Work instructions
Your job is to print, exactly, the lines in the data below from the line with "Od koče po travnatem" through the line with "O tomate pode", both included, and to omit any picture.

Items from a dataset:
----

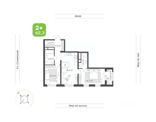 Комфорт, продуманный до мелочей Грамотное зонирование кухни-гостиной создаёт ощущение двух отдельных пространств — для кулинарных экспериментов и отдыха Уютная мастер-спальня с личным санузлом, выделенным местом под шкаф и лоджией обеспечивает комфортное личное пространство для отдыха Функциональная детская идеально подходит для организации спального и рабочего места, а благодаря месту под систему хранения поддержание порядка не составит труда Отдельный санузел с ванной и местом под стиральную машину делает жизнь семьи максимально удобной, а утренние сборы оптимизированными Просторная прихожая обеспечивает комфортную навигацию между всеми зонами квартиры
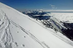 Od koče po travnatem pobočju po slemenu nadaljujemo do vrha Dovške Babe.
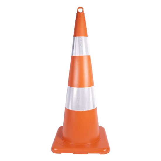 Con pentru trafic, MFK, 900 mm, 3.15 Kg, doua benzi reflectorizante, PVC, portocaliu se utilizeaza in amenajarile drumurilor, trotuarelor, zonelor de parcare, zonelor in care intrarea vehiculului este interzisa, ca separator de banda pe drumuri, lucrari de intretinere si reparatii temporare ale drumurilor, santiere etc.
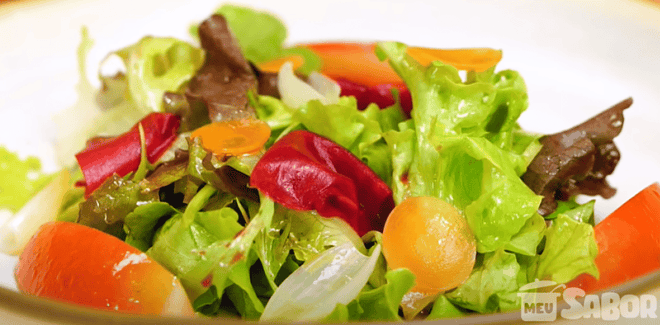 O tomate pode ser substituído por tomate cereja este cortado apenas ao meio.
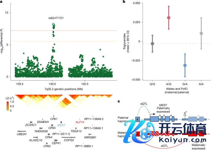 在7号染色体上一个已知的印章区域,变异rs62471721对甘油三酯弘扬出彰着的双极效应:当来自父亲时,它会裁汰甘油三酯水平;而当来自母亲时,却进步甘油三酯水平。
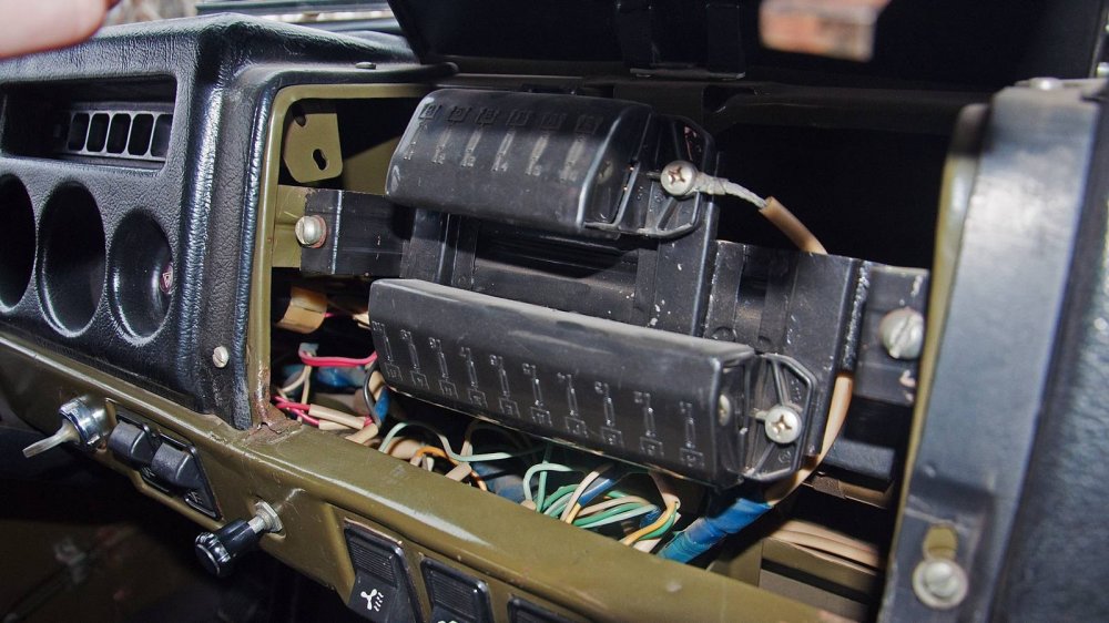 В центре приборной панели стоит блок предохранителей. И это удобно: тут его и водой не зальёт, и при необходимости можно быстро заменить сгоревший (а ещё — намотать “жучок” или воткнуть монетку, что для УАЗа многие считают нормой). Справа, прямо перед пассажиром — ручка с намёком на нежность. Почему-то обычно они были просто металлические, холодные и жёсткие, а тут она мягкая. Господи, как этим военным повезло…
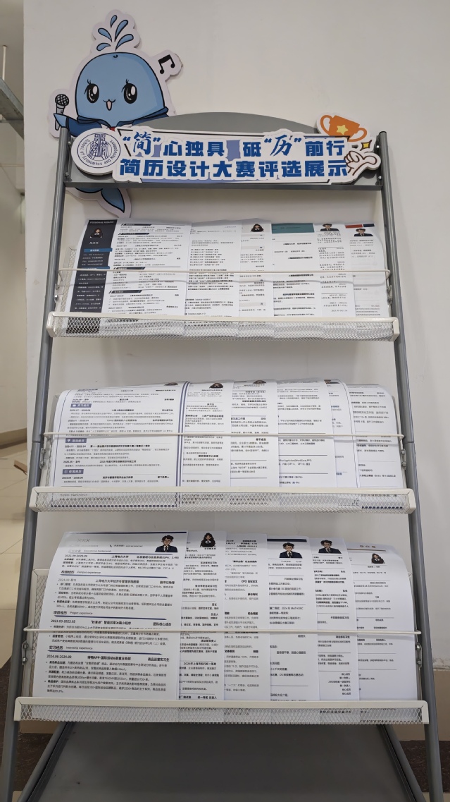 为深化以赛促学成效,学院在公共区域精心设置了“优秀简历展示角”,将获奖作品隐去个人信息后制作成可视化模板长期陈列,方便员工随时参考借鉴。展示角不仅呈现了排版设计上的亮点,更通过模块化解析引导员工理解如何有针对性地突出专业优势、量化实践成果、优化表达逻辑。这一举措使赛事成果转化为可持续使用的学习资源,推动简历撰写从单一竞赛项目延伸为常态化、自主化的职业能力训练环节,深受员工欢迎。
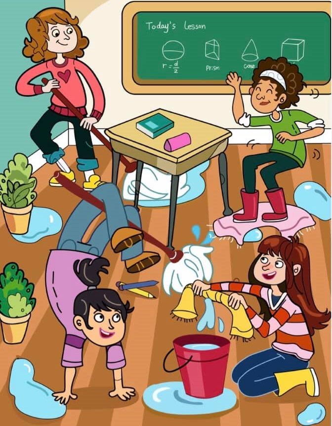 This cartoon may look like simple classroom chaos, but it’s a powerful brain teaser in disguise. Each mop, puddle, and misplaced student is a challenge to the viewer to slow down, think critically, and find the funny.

----

Task response
 Od koče po travnatem pobočju po slemenu nadaljujemo do vrha Dovške Babe.
 Con pentru trafic, MFK, 900 mm, 3.15 Kg, doua benzi reflectorizante, PVC, portocaliu se utilizeaza in amenajarile drumurilor, trotuarelor, zonelor de parcare, zonelor in care intrarea vehiculului este interzisa, ca separator de banda pe drumuri, lucrari de intretinere si reparatii temporare ale drumurilor, santiere etc.
 O tomate pode ser substituído por tomate cereja este cortado apenas ao meio.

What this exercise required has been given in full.